Aux États-Unis, il existe un « devoir de divulgation » pendant le processus menant à l'obtention d'un brevet. Ce devoir exige du demandeur de brevet qu'il informe le Bureau de brevets américain (le « USPTO ») de toute information pertinente à la nouveauté ou à la non-évidence de son invention. En termes concrets, ce devoir est satisfait lorsque le demandeur, l'inventeur, ou l'agent de brevet soumet à l'USPTO l'art antérieur dont il a connaissance.

Ce devoir n'existe pas au Canada. Autrement dit, le demandeur d'un brevet au Canada n'a pas l'obligation d'informer l'Office de la propriété intellectuelle du Canada (« l'OPIC ») de l'art antérieur dont il est au courant, à moins que l'examinateur ne le demande expressément.

Malgré l'absence d'une telle contrainte légale au Canada, il n'est pas rare que des agents de brevet canadiens recommandent à leurs clients de volontairement soumettre l'art antérieur. La logique sous-jacente à cette pratique est la suivante : si l'examinateur canadien est avisé de tout l'art antérieur qui pourrait nuire à la validité du brevet et qu'il décide tout de même de l'émettre, alors le brevet serait plus étoffé. Autrement dit, ce qui ne le tue pas le rend plus fort.
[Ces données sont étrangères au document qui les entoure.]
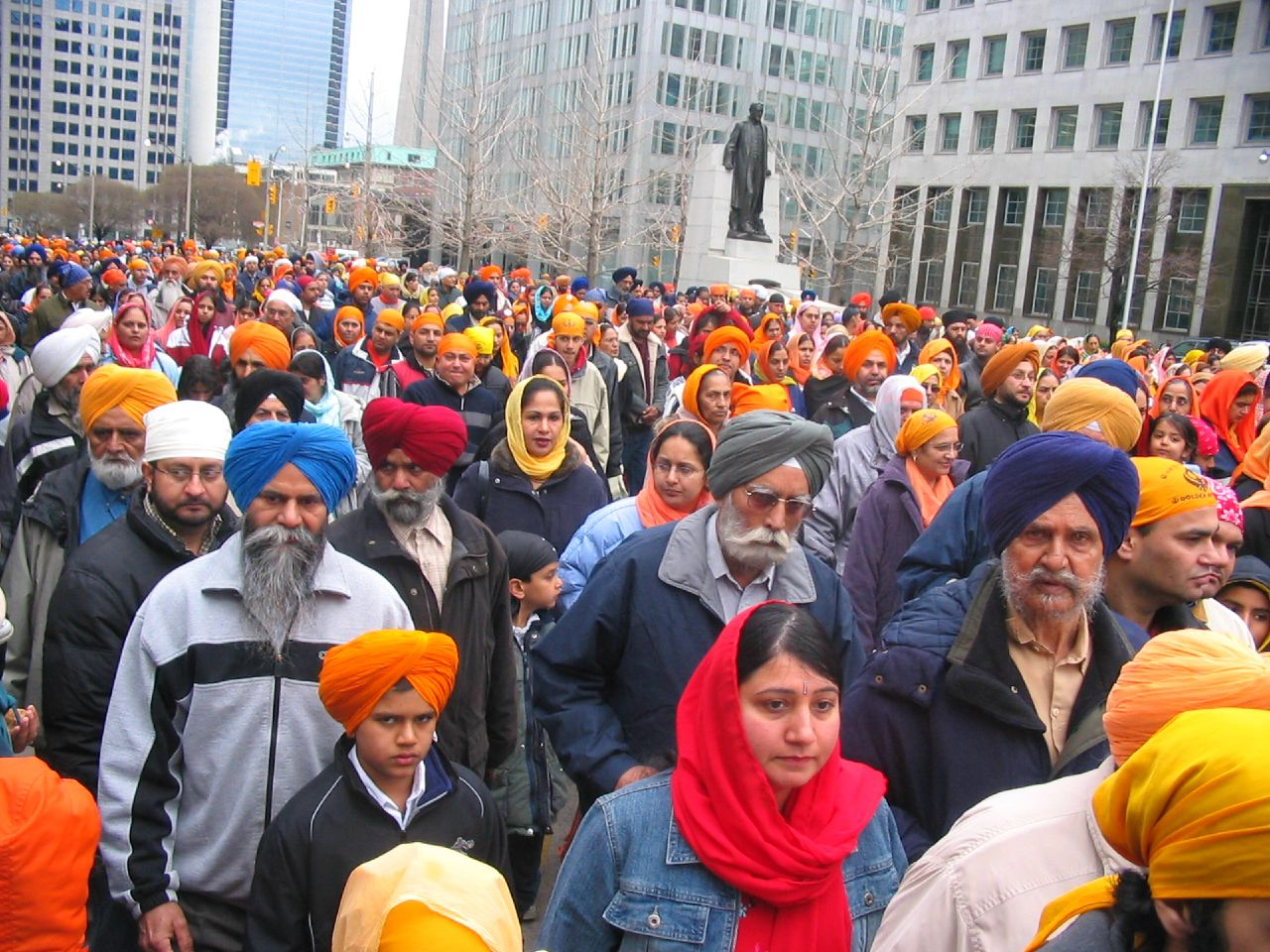 There was a huge parade today. Thousands of Sikhs celebrated a Sikh Holiday Vaisakhi. Khalsa Day was celebrated by thousands of people. Paul Martin, Jack Layton and Stephen Harper were even scheduled to how up at this massive event.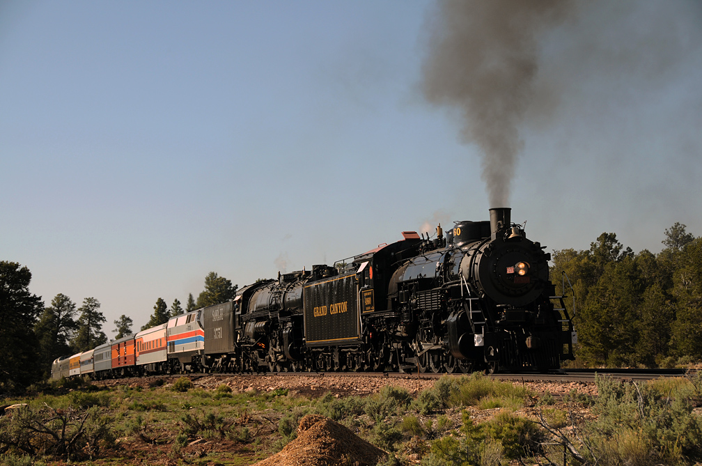 GCRy #4960 and ATSF #3751 leaving the Grand Canyon and seen at "Imblue" at one time known as Apex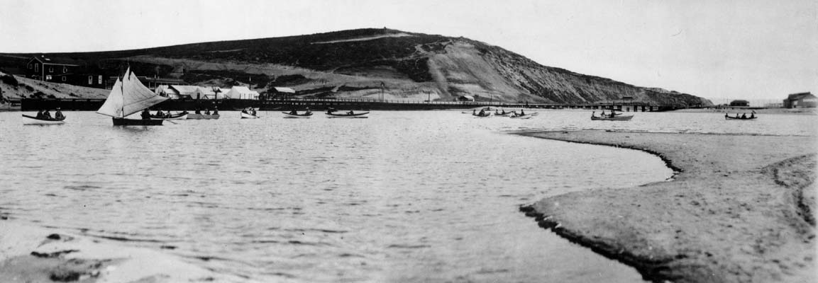 Playa del Rey and the mouth of Ballona Creek. Boats on the estuary, foreground is present day site of Marina del Rey.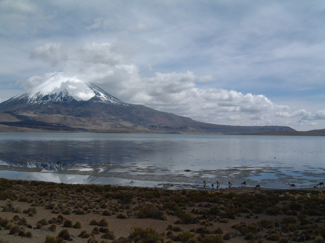 Vicuñas at Chungará Lake, Chile 12.11.2005 By * Herman Luyken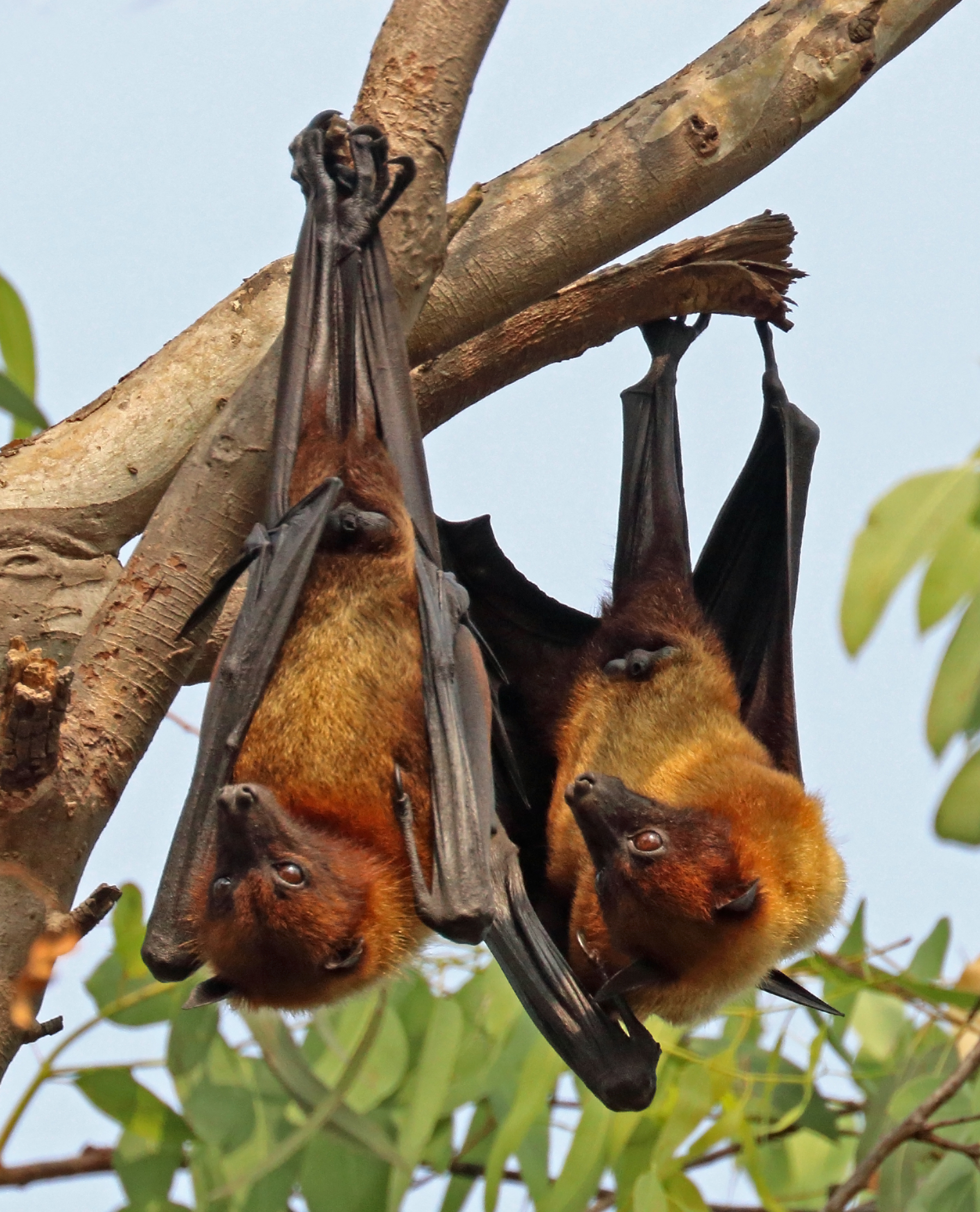 Indian flying foxes (Pteropus giganteus giganteus), Jamtra, Madhya Pradesh, India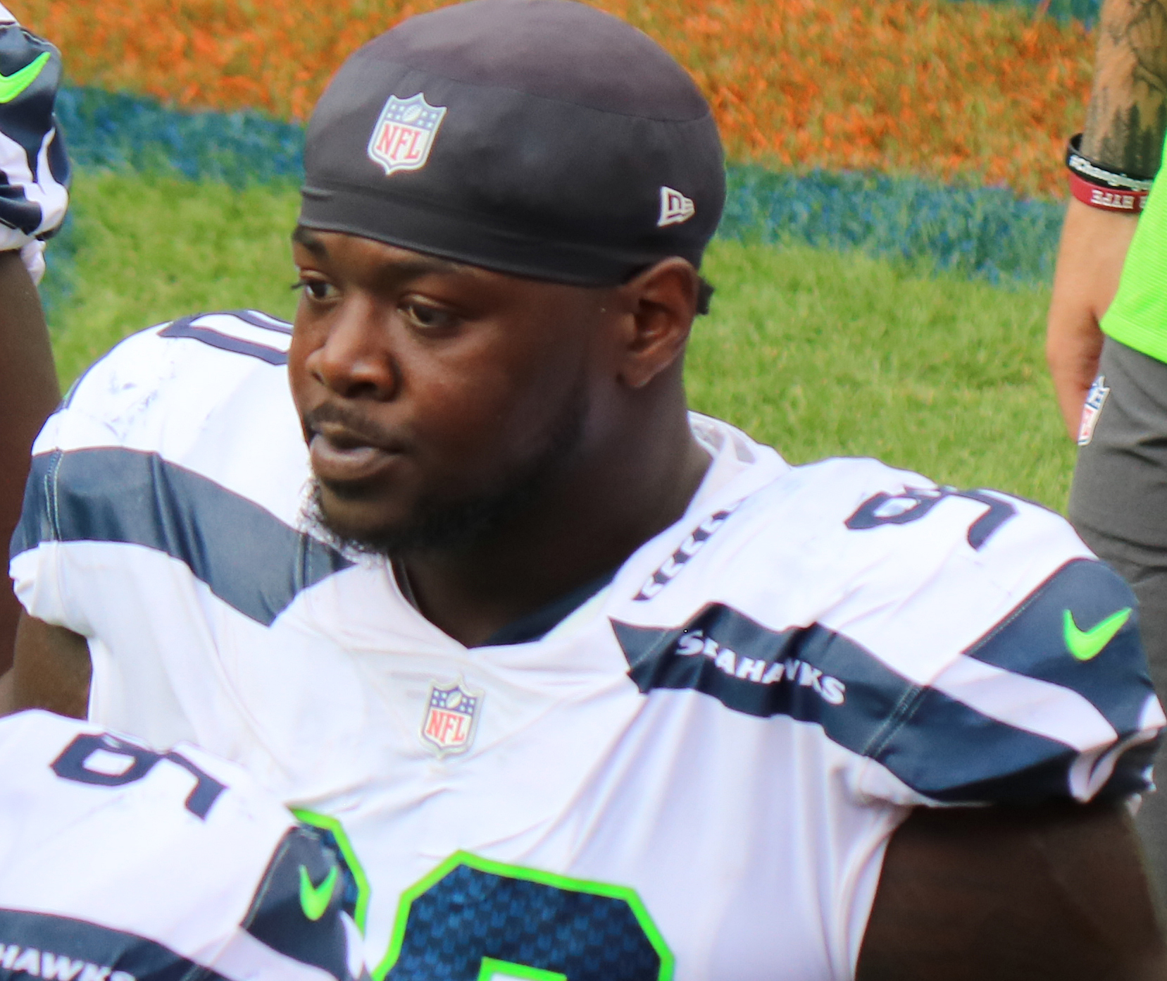 {W|Jarran Reed , a National Football League player.

Un jugement récent de la Cour fédérale remet toutefois en question cette prémisse.

Dans ce jugement, l'honorable juge Locke, ancien agent de brevet lui-même, se questionne quant au niveau de déférence étant dû par les tribunaux à l'égard des examinateurs de l'OPIC. Le parcours du brevet en litige dans cette affaire était tout à fait remarquable : après avoir fait face aux protêts d'une tierce partie tentant de faire invalider la demande à plus de douze reprises, le demandeur obtint finalement son brevet 17 ans après sa demande initiale. Il va sans dire que les interventions du tiers ainsi que les échanges ayant subséquemment eu lieu entre le demandeur et l'examinateur ne sont pas étrangers à ce délai hors du commun. La vie d'un brevet étant d'une durée de vingt ans, il ne restait, après ces 17 longues années, qu'un maigre trois ans à l'inventeur pour profiter de son exclusivité. En dépit de ce délai impressionnant, il était sommes toutes raisonnable de croire qu'étant donné le nombre élevé d'oppositions auxquels le brevet avait survécu, ce dernier avait fait ses preuves; il n'avait pas été tué et était donc plus fort!

Toutefois, aussitôt le brevet émis par l'OPIC, cette même tierce partie contesta sa validité devant la Cour fédérale, se basant sur les mêmes arguments et sur le même art antérieur que ceux sur lesquels il avait basé ses protêts auprès de l'OPIC. Le propriétaire du brevet plaida que l'examinateur avait déjà statué sur les moyens présentés par le tiers et qu'il ne les avait pas trouvés convaincants. Par conséquent, le breveté prétendait que le tribunal se devait de respecter la décision de l'OPIC et rejeter la contestation de son brevet.

Dans son jugement, le juge Locke explique que l'action en invalidité devant la Cour fédérale n'est pas, en dépit de ce qu'avançait le breveté, une révision judiciaire de la décision de l'examinateur. L'action est distincte du processus d'obtention du brevet et comprend de ce fait sa propre norme de preuve. Le devoir du juge siégeant lors de ces actions est de juger les allégations d'invalidité selon la preuve qui lui est soumise, et ce, selon la balance des probabilités. Par conséquent, le tribunal conclut qu'il ne doit aucune déférence à l'OPIC, déclarant ainsi le brevet invalide.

Quelles leçons peut-on (et même doit-on) tirer de ce jugement? D'abord, ne cessez pas de volontairement fournir l'art antérieur à l'OPIC dans vos demandes de brevet : le conseil présentement donné par plusieurs agents de brevet n'est pas moins valide. En effet, il demeure toujours d'une grande utilité de soumettre cet art à l'OPIC, ne serait-ce que pour tester davantage la validité du brevet lors de son processus d'obtention. Toutefois, cette décision confirme que ce n'est pas parce que votre brevet a passé à travers le feu une première fois, qu'il ne sera jamais resoumis aux mêmes tribulations. En d'autres termes, ce qui ne tue pas le brevet le rend plus fort, mais ne le rend pas nécessairement invincible.